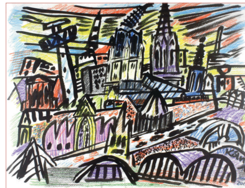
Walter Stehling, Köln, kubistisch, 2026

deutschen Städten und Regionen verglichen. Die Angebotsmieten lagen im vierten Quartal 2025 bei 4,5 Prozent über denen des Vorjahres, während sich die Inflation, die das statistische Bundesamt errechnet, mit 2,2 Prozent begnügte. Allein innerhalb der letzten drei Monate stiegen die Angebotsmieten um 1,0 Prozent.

________________

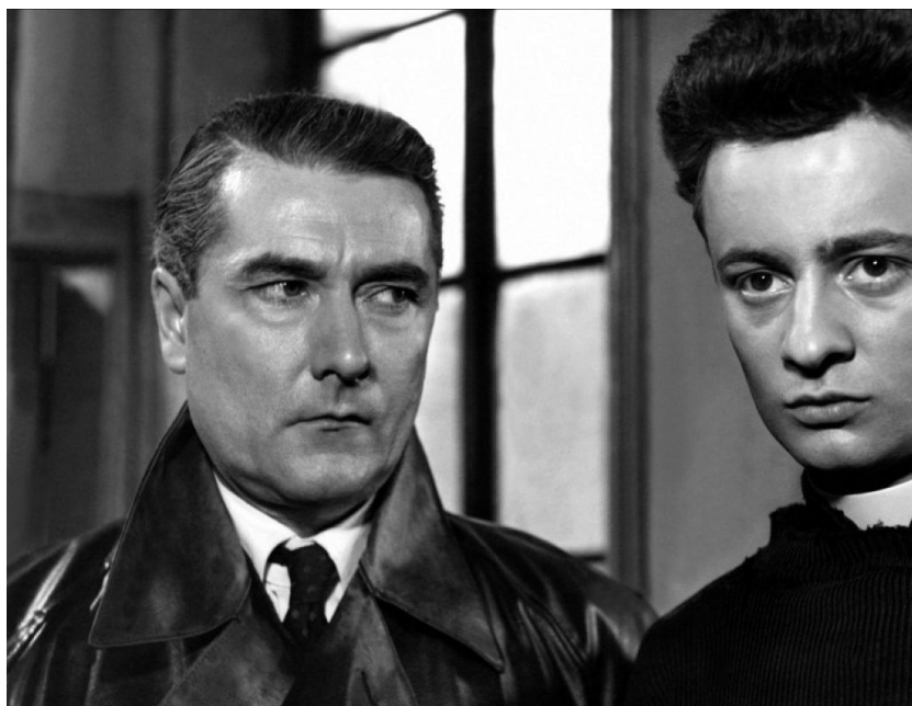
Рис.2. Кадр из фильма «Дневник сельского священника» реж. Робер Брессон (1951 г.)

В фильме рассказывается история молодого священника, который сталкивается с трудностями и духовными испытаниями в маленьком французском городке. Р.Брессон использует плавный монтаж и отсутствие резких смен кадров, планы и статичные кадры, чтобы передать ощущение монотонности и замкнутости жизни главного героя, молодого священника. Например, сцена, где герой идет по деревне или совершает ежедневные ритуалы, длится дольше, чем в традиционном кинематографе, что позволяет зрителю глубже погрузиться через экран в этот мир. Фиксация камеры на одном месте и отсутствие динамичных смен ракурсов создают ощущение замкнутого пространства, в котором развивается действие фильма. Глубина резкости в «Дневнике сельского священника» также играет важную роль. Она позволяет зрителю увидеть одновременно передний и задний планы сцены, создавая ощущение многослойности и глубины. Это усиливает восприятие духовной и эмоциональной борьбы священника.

________________

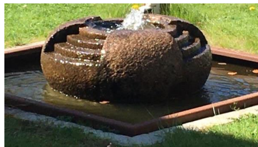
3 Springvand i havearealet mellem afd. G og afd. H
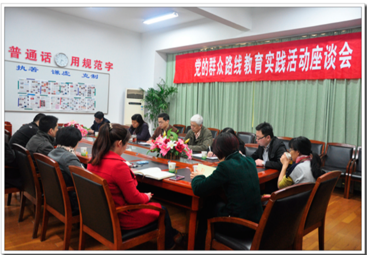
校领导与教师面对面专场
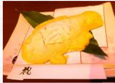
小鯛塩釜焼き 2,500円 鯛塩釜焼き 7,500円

________________

*PROBLEM TO SOLVE:* Within the listing above, the lines from the one with "3 Springvand i" through the one with "小鯛塩釜焼き 2,500円 鯛塩釜焼き 7,500円" are to be given again word for word. Do not include pictures.

*ANSWER TO THIS EXERCISE:*
3 Springvand i havearealet mellem afd. G og afd. H
校领导与教师面对面专场
小鯛塩釜焼き 2,500円 鯛塩釜焼き 7,500円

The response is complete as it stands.